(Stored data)
■ ■ ■
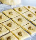 Lag fyll. Bruk en stavmikser til å hakke pistasjnøttene. Bland i brunt sukker og vaniljekrem.
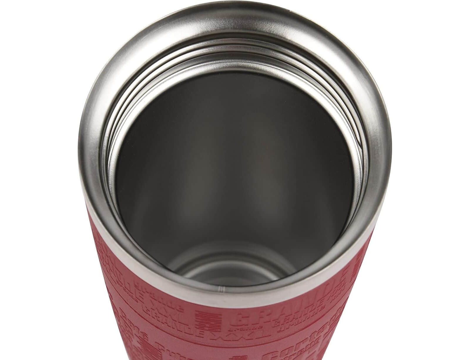Το σώμα από ανοξείδωτο ατσάλι της κούπας ταξιδιού Tefal είναι τυλιγμένο σε ένα ανάγλυφο, απαλό μανίκι σιλικόνης για ασφαλές κράτημα όταν βρίσκεστε εν κινήσει. Διαθέτει επίσης αντιολισθητική βάση για να μην γλιστράει αν το ταξίδι σας γίνει λίγο ανώμαλο.
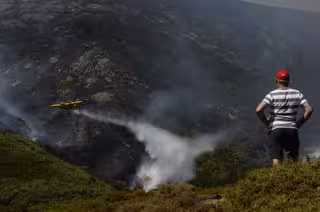 Archivo - Un vecino de Senderiz en Lobeira observa un hidroavión trabajar en el incendio forestal en la Serra do Leboreiro, sobrevuela una explotación ganadera, en el parque natural de Baixa Limia e Serra do Xurés, a 26 de agosto de 2022, en Serra do Xuré - Rosa Veiga - Europa Press - Archivo
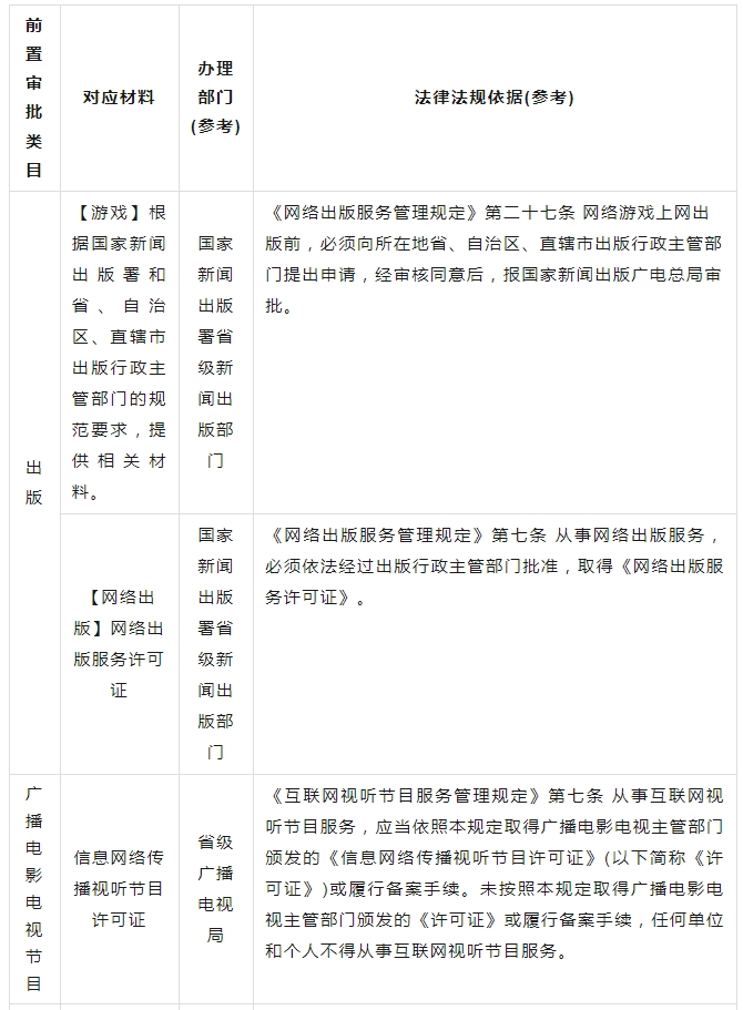 如你的小程序從事新聞、出版、藥品和醫療器械、網(wǎng)約車(chē)等需須經(jīng)有關(guān)主管部門(mén)審核同意的互聯(lián)網(wǎng)信息服務(wù),在履行備案手續時(shí),應提供業(yè)務(wù)對應前置審批文件。相關(guān)類(lèi)目參考如下:
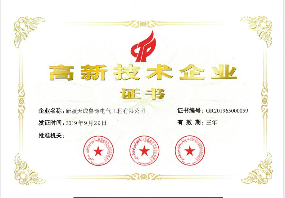 天成魯源公司順利通過高新技術(shù)企業(yè)復(fù)審認定并獲取新證書
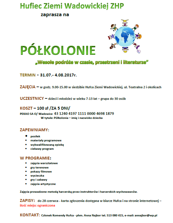 liczba miejsc ograniczona! (min 20 max. 28 dzieci na turnus)
■ ■ ■
The expected answer is the complete set of entries, copied verbatim, with no pictures.

▸ Answer for the task
 Lag fyll. Bruk en stavmikser til å hakke pistasjnøttene. Bland i brunt sukker og vaniljekrem.
Το σώμα από ανοξείδωτο ατσάλι της κούπας ταξιδιού Tefal είναι τυλιγμένο σε ένα ανάγλυφο, απαλό μανίκι σιλικόνης για ασφαλές κράτημα όταν βρίσκεστε εν κινήσει. Διαθέτει επίσης αντιολισθητική βάση για να μην γλιστράει αν το ταξίδι σας γίνει λίγο ανώμαλο.
 Archivo - Un vecino de Senderiz en Lobeira observa un hidroavión trabajar en el incendio forestal en la Serra do Leboreiro, sobrevuela una explotación ganadera, en el parque natural de Baixa Limia e Serra do Xurés, a 26 de agosto de 2022, en Serra do Xuré - Rosa Veiga - Europa Press - Archivo
 如你的小程序從事新聞、出版、藥品和醫療器械、網(wǎng)約車(chē)等需須經(jīng)有關(guān)主管部門(mén)審核同意的互聯(lián)網(wǎng)信息服務(wù),在履行備案手續時(shí),應提供業(yè)務(wù)對應前置審批文件。相關(guān)類(lèi)目參考如下:
 天成魯源公司順利通過高新技術(shù)企業(yè)復(fù)審認定并獲取新證書
 liczba miejsc ograniczona! (min 20 max. 28 dzieci na turnus)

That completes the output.